◆ Extracted data entries:
>>>>

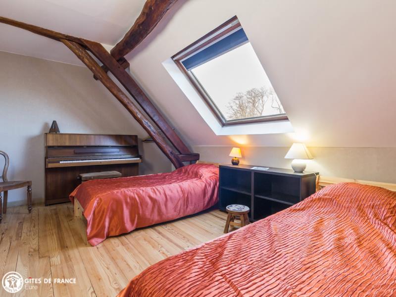 Au bord de l'Andelle, le gîte des 3 vallées est le lieu parfait où poser vos valises. Cet appartement mansardé est chaleureux, confortable et très bien équipé. Totalement indépendant grâce à son accès et sa terrasse rien qu'à vous, vous profiterez de jolies vues sur la vallée d'un côté et la Côte des 2 amants de l'autre. Côté loisirs, Martine et Jean-François ont tout prévu : un piano et plein de jeux de société pour les enfants à l'intérieur et côté jardin un portique avec toboggan, trampoline, table de ping-pong, pétanque, pêche dans la rivière et même une piscine chauffée aux beaux jours ; sans oublier un petit coucou aux poules, Bridget le cochon vietnamien et les chèvres ou tout simplement vous relaxer et profiter du jardin. Aux alentours, de nombreux trésors à découvrir comme le parc de loisirs de Léry Poses ou le parc animalier Biotropica. Pour les adresses à ne pas manquer, Martine et Jean-François vous guideront vers leurs coups de cœur.
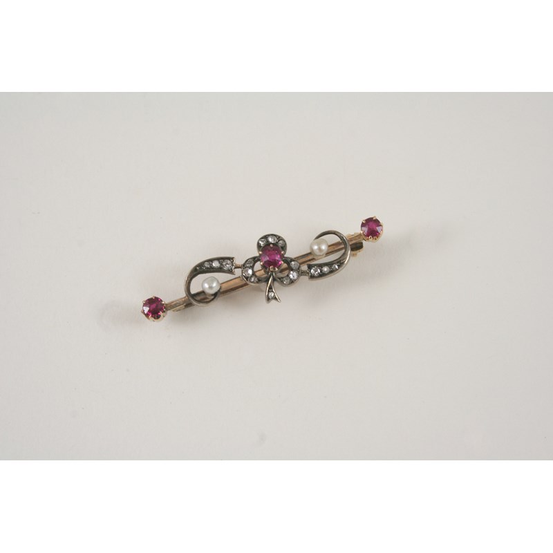 A VICTORIAN RUBY, DIAMOND AND PEARL SET BROOCH the foliate scrolling design is set with rose-cut diamonds, three circular rubies and two small pearls, in silver and gold, 4.5cm. long.
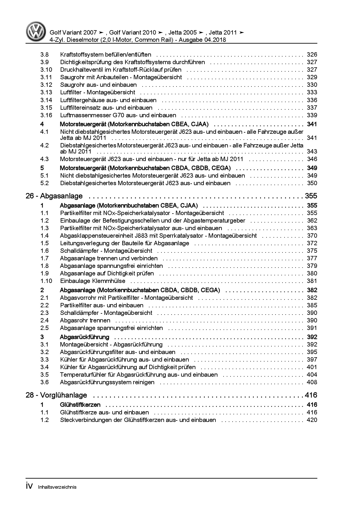 VW Golf 5 Variant (07-09) 4-Zyl. 2,0l 136-170 PS Dieselmotor Reparaturanleitung
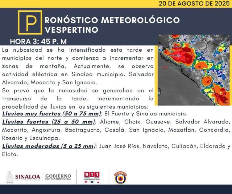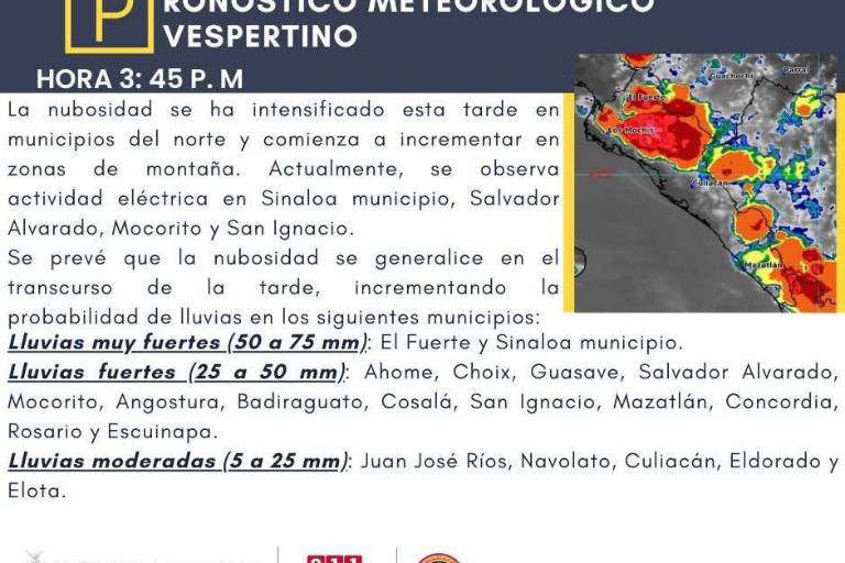 Óscar Roberto Osuna Tirado, indicó que las precipitaciones para Mazatlán podrían ser fuertes, con acumulados que marcarán variaciones de entre 25 a 50 milímetros, acompañadas de actividad eléctrica y rachas de viento de 50 y 70 km/h.
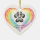A heartfelt pet memorial ornament featuring a hand-painted watercolor rainbow heart with a charcoal paw print and the quote, “In every lifetime, I’ll find you.”

<<<<

The expected answer is an exact copy of the lines from the one containing "Óscar Roberto Osuna" through the last line of the entries above, both included, without pictures.

◆ SOLUTION TO THIS TASK:
 Óscar Roberto Osuna Tirado, indicó que las precipitaciones para Mazatlán podrían ser fuertes, con acumulados que marcarán variaciones de entre 25 a 50 milímetros, acompañadas de actividad eléctrica y rachas de viento de 50 y 70 km/h.
A heartfelt pet memorial ornament featuring a hand-painted watercolor rainbow heart with a charcoal paw print and the quote, “In every lifetime, I’ll find you.”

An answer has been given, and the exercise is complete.